North Carolina was “obligated to provide an accommodation” to Myrick as provided by federal law, Judge Michael Devine’s March 8 ruling said.

Myrick, now 68 and a resident of the Charlotte area, originally filed a discrimination complaint with the U.S. Equal Employment Opportunity Commission under the federal Government Employee Rights Act. The final settlement in Myrick v. EEOC ends the case.

Becket produced this video about Myrick’s case:

“The state of North Carolina should not have discriminated against Gayle Myrick for her sincerely held religious beliefs about marriage.

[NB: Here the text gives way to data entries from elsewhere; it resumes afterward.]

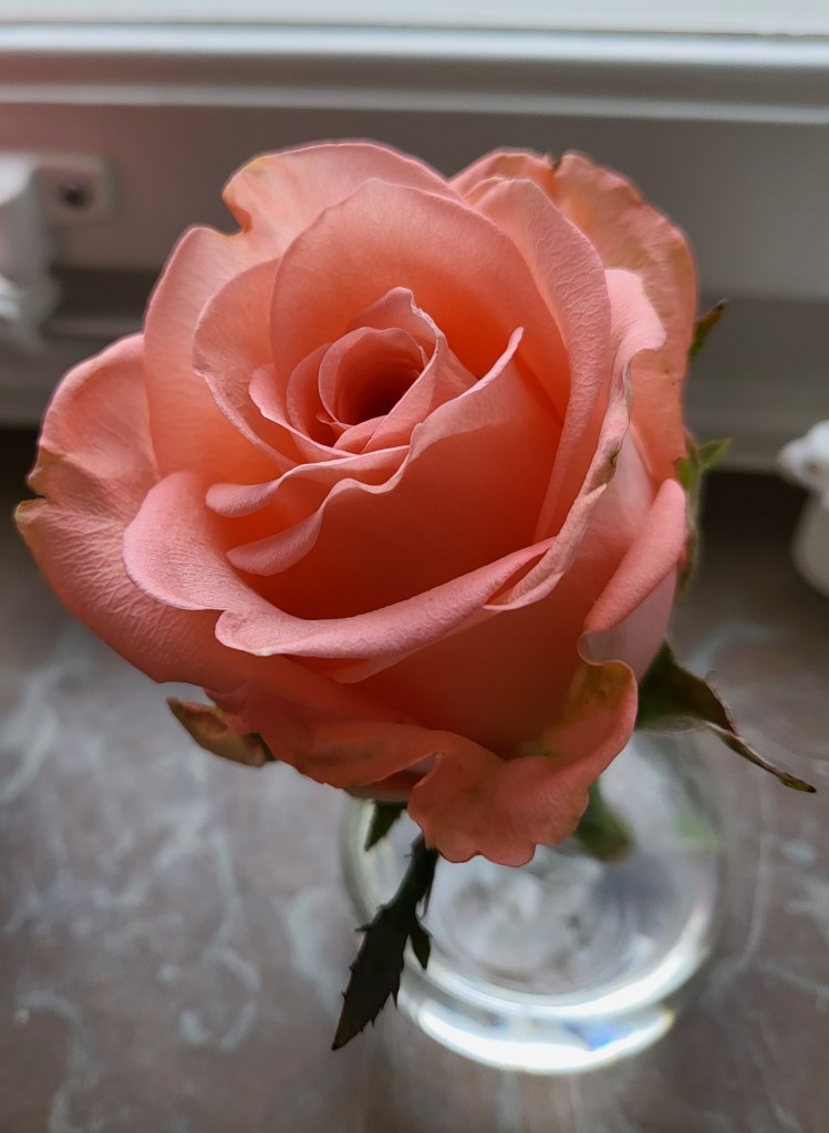 Vaserna med blommor står kvar, alla utom den på handfatet. De tulpanerna var slut. Men rosorna är så fina!
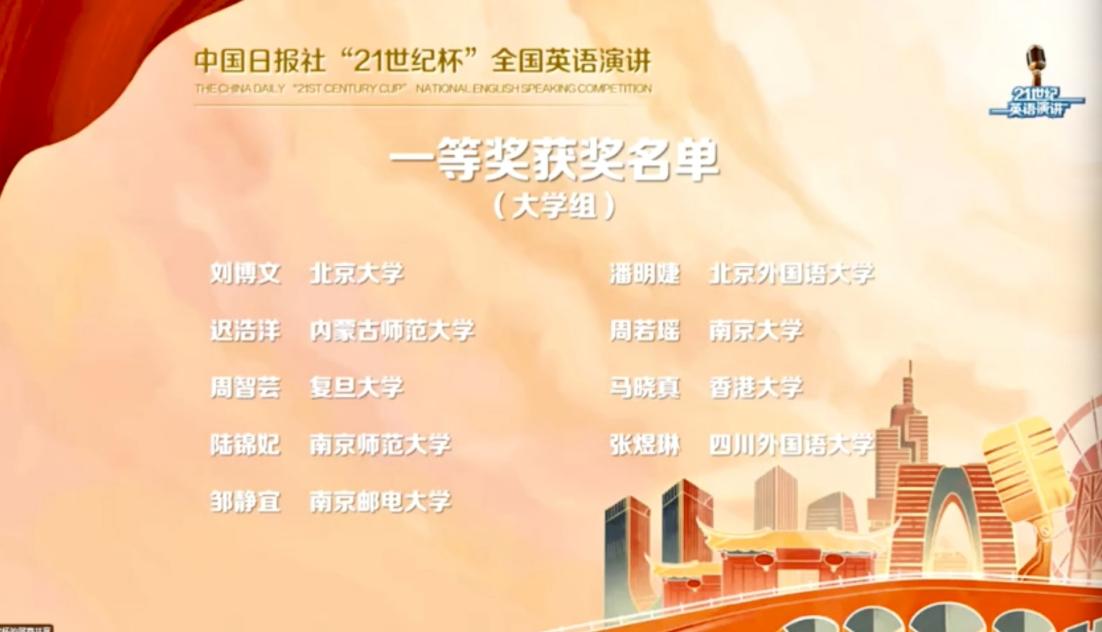 2022年10月5日,第27届中国日报社“21世纪”全国大学生英语演讲比赛全国总决赛于线上举行,我校太阳集团tyc97282021级潘明婕同学获得大学组一等奖。此前,她通过了校选赛和北京赛区的考验,获得参加全国赛的资格,与来自全国各地的78位选手同台竞技。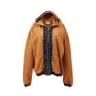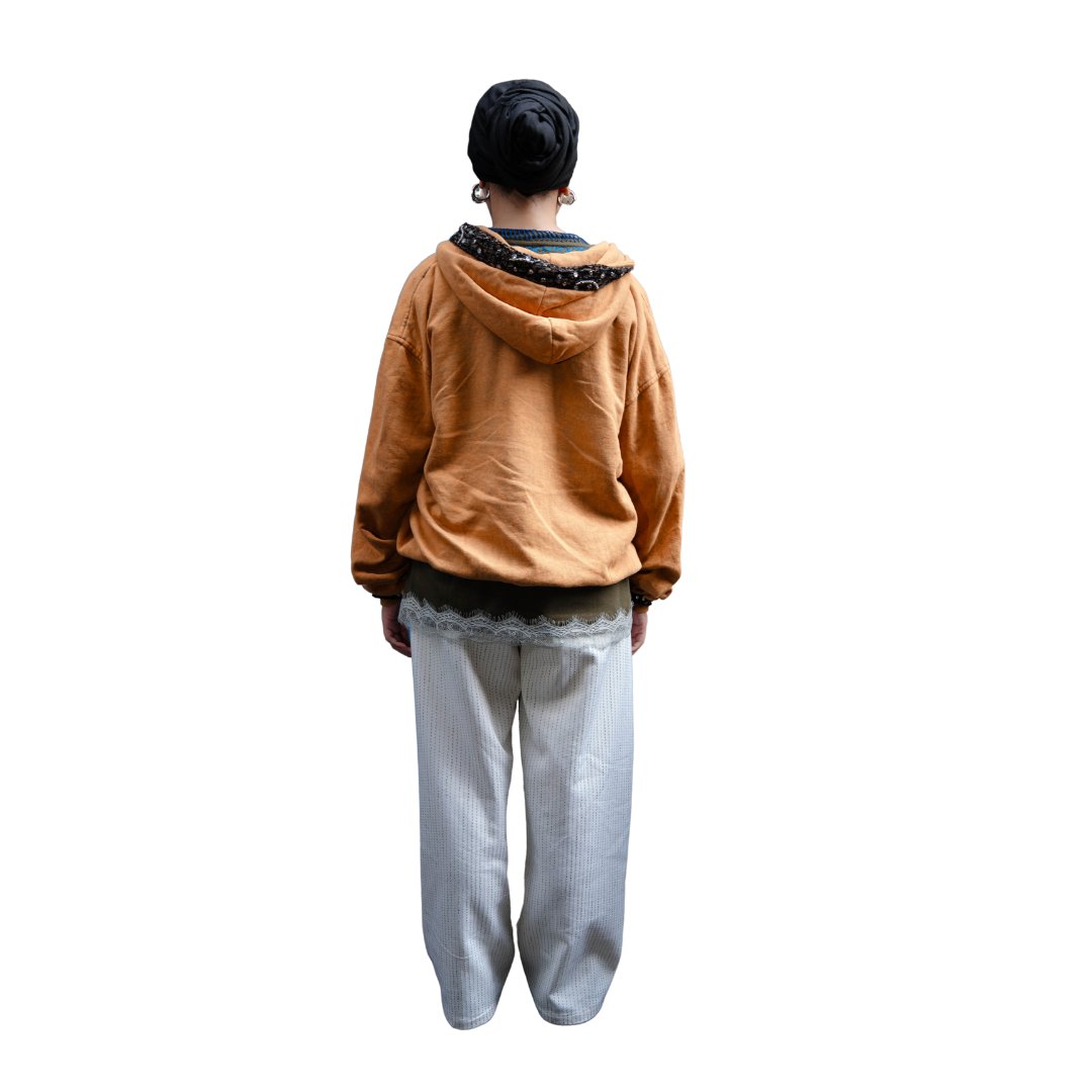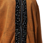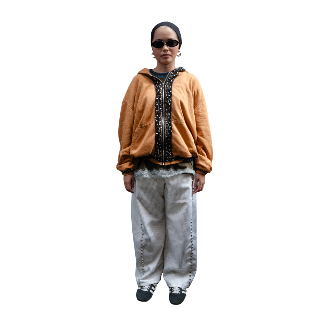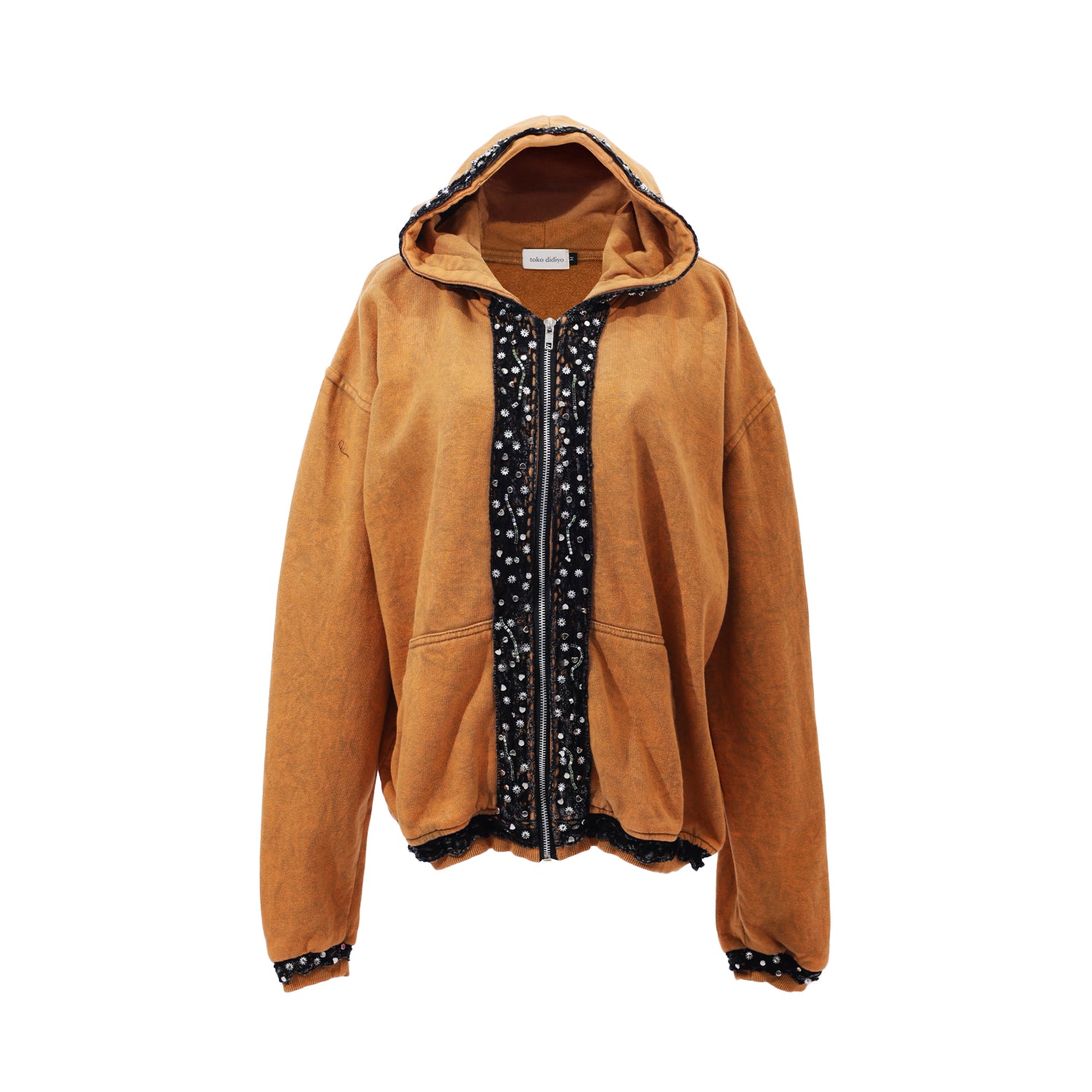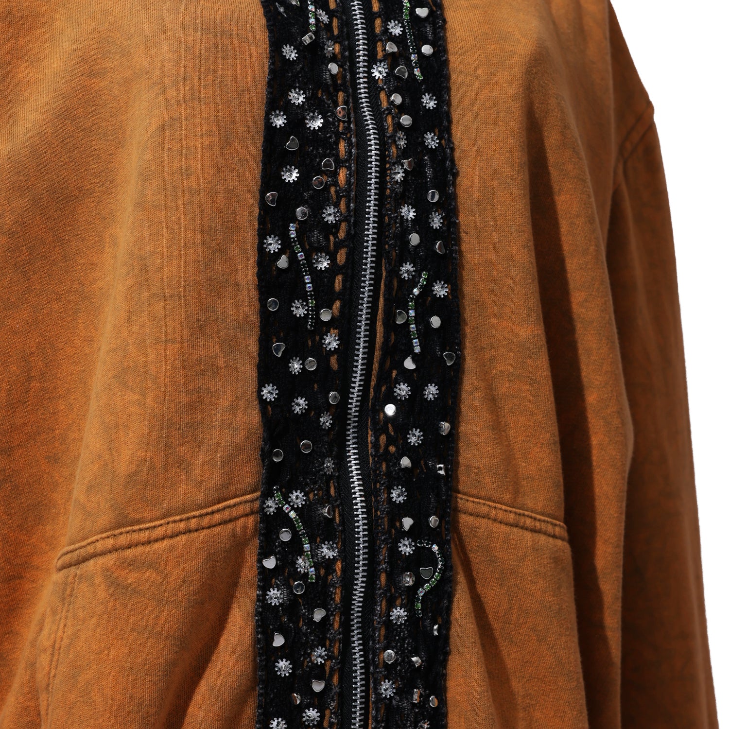 A zip up hoodie made from cotton, featuring a front lace and beads detail along the zip-line.

Accommodating her conscience took nothing away from same-sex couples’ ability to obtain marriage licenses,” Ryan T. Anderson, a senior research fellow at The Heritage Foundation, and Emilie Kao, a lawyer who directs Heritage’s DeVos Center for Religion and Civil Society, said in a joint statement to The Daily Signal.

“Our country has found ways to honor the consciences of those with differing views on the death penalty, the draft, and abortion. And federal employment anti-discrimination law requires we do the same on marriage too. Anything less would be un-American,” Anderson and Kao said.

Here’s what happened to Myrick, according to Becket:

As a magistrate, Myrick issued warrants, set bail, processed fines for traffic violations, and occasionally performed civil marriage ceremonies.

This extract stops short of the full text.